The panel majority concluded that the State failed to carry its burden of demonstrating beyond a reasonable doubt that the error complained of did not contribute to the verdict. Since this standard was correct both in principle and in authority, I would affirm the panel’s decision reversing the district court’s denial of habeas relief. Accordingly, I respectfully dissent.
. Confining his analysis to “these special facts," 395 U.S. at 253, 89 S.Ct. at 1728, Mr. Justice Douglas concluded that Chapman was satisfied: All four defendants had confessed to more or less of the State’s case. A nonobjectionable admission by Harrington placed him at the scene of the crime. The confessions of two codefendants, Bosby and Cooper, however, merely placed someone of the same race as Harrington at the scene of the crime. (Harrington was white, all three codefendants were black.) It was to those portions of those codefendants’ confessions, that “a white guy” was also at the scene of the crime, that Harrington based his Bruton objection, on the ground that those codefendants did not take the stand. But, as the court concluded, any error in admitting the uncontradictable confession-testimony of Bosby and Cooper was completely submerged in Harrington’s own admissible confession, admitting in whole the contents of those codefendants’ testimony against him.
. Where the Court expressly assumed that the content of the codefendant’s admission was merged into certain admissions made by Schneble and that “these admissions were properly before the trial court.”
. Where the testimony objected to was merged into “no less than three full confessions” whose validity and, apparently, admissibility were not challenged on appeal.
. Where the Bruton error was harmless in light of the fact that “[tjhose considerable parts of each petitioner’s confession which did not implicate the other were admitted without objection.”
. Harryman’s appeal, of course, is from a denial of habeas relief from a state court conviction. There is no reason why harmless error in the context of federal criminal appeals is any less applicable here, where the error committed by the Texas trial court was a failure to apply federal constitutionally mandated criminal procedure.

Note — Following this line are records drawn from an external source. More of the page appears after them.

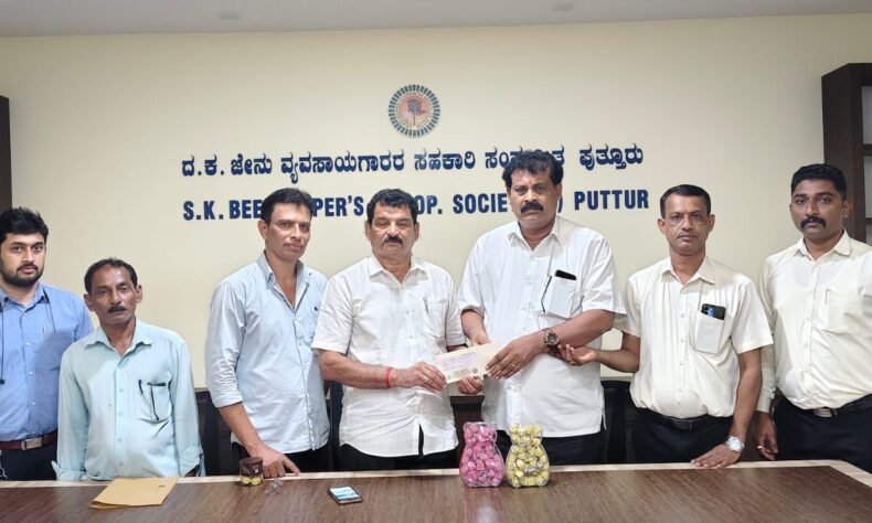 ಡಿಸಿಸಿ ಬ್ಯಾಂಕ್ ವತಿಯಿಂದ ದ.ಕ. ಜೇನು ವ್ಯವಸಾಯಗಾರರ ಸಹಕಾರಿ ಸಂಘಕ್ಕೆ ರೂ. 5 ಲಕ್ಷ ಹಸ್ತಾಂತರ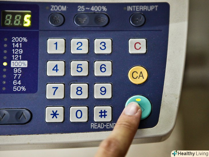 Натисніть велику кнопку «Копіювання», зазвичай вона зеленого кольору. якщо щось піде не так, як правило, є червона кнопка, щоб зупинити процес копіювання, але це займе деякий час, поки машина зупиниться. Якщо вам потрібна додаткова інформація, то з'явитися повідомлення про помилку. Якщо папір застряг, машина виділить цю ділянку і, ймовірно, дасть вам інструкції щодо усунення цієї проблеми.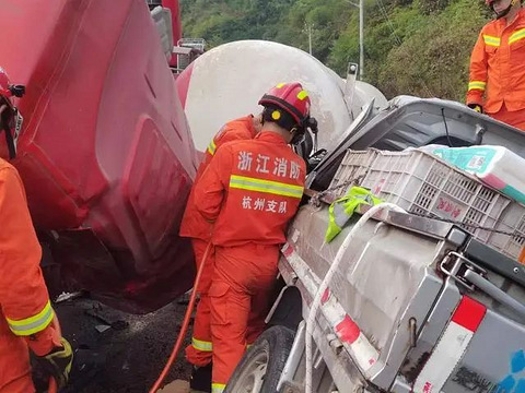 危急!临安英公水库隧道口一大货车侧翻,压住了一辆小货车

. “Any error, defect, irregularity or variance which does not affect substantial rights shall be disregarded.” F.R.Crim.P. 52(a).
. In Kotteakos, e. g., the Court reversed convictions for conspiring to obtain fraudulent loans under the National Housing Act. The Court found reversible error under the standard it enunciated even though the lower court, Learned Hand, J., had “painstakingly examined the evidence relating directly to each of the petitioners!,] found it convincing to the point of making guilt manifest [, . . ] and concluded that reversal would be a miscarriage of justice.” 328 U.S. at 775, 66 S.Ct. at 1253.